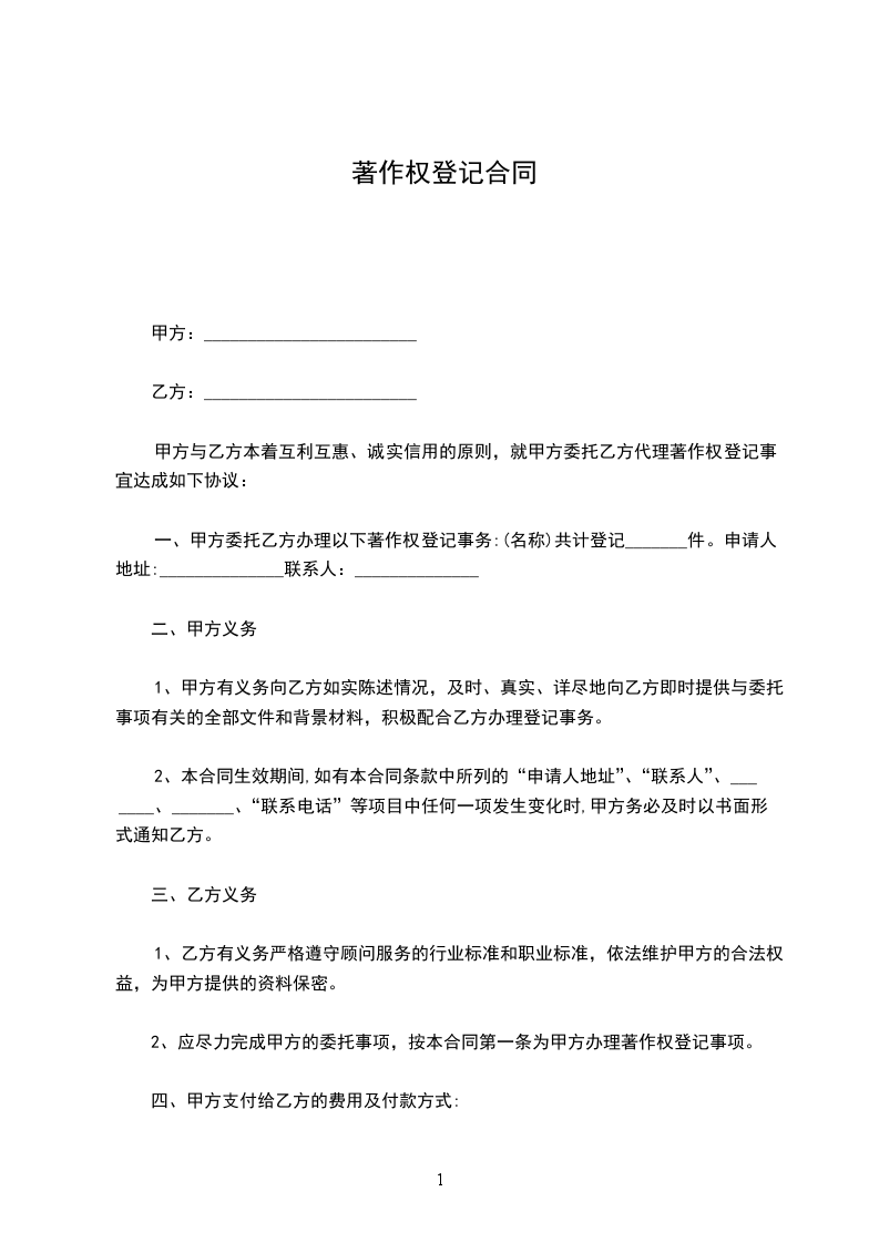 一、甲方委托乙方办理以下著作权登记事务:(名称)共计登记_______件。申请人地址:______________联系人:______________
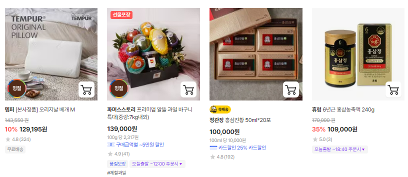 이왕 추석 선물을 생각하고 계시다면 가장 할인 혜택과 적립혜택이 많은 24/08/02 (금)~08/23 (금)에 사전예약하셔서 더 많은 혜택을 보시기 바랍니다.
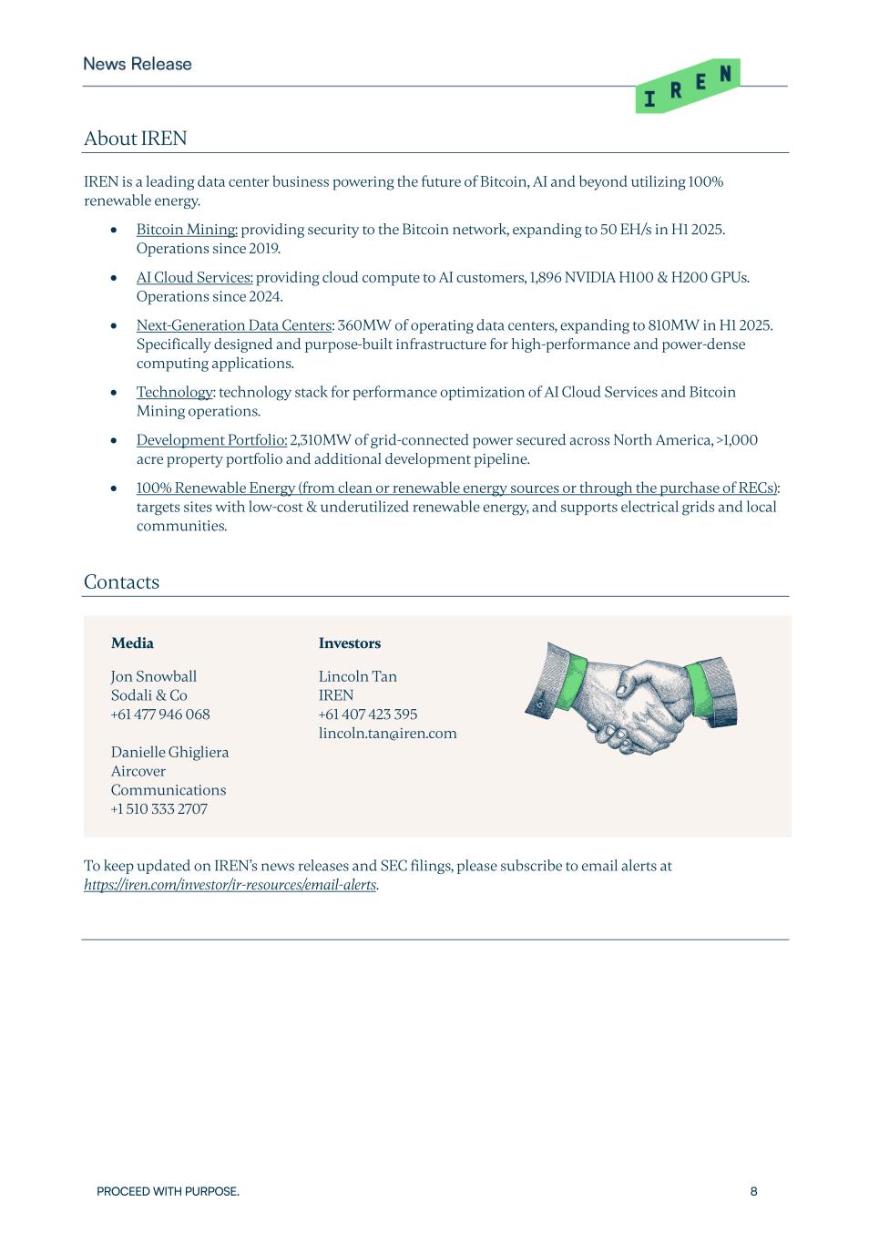 PROCEED WITH PURPOSE. 8 About IREN IREN is a leading data center business powering the future of Bitcoin, AI and beyond utilizing 100% renewable energy. • Bitcoin Mining: providing security to the Bitcoin network, expanding to 50 EH/s in H1 2025. Operations since 2019. • AI Cloud Services: providing cloud compute to AI customers, 1,896 NVIDIA H100 & H200 GPUs. Operations since 2024. • Next-Generation Data Centers: 360MW of operating data centers, expanding to 810MW in H1 2025. Specifically designed and purpose-built infrastructure for high-performance and power-dense computing applications. • Technology: technology stack for performance optimization of AI Cloud Services and Bitcoin Mining operations. • Development Portfolio: 2,310MW of grid-connected power secured across North America, >1,000 acre property portfolio and additional development pipeline. • 100% Renewable Energy (from clean or renewable energy sources or through the purchase of RECs): targets sites with low-cost & underutilized renewable energy, and supports electrical grids and local communities. Contacts Media Jon Snowball Sodali & Co +61 477 946 068 Danielle Ghigliera Aircover Communications +1 510 333 2707 Investors Lincoln Tan IREN +61 407 423 395 lincoln.tan@iren.com To keep updated on IREN’s news releases and SEC filings, please subscribe to email alerts at https://iren.com/investor/ir-resources/email-alerts.

## Your task
What is needed is an exact copy of the lines from the start of the listing above through the line that holds "이왕 추석 선물을 생각하고", with the pictures left out.

## Exercise result
 一、甲方委托乙方办理以下著作权登记事务:(名称)共计登记_______件。申请人地址:______________联系人:______________
 이왕 추석 선물을 생각하고 계시다면 가장 할인 혜택과 적립혜택이 많은 24/08/02 (금)~08/23 (금)에 사전예약하셔서 더 많은 혜택을 보시기 바랍니다.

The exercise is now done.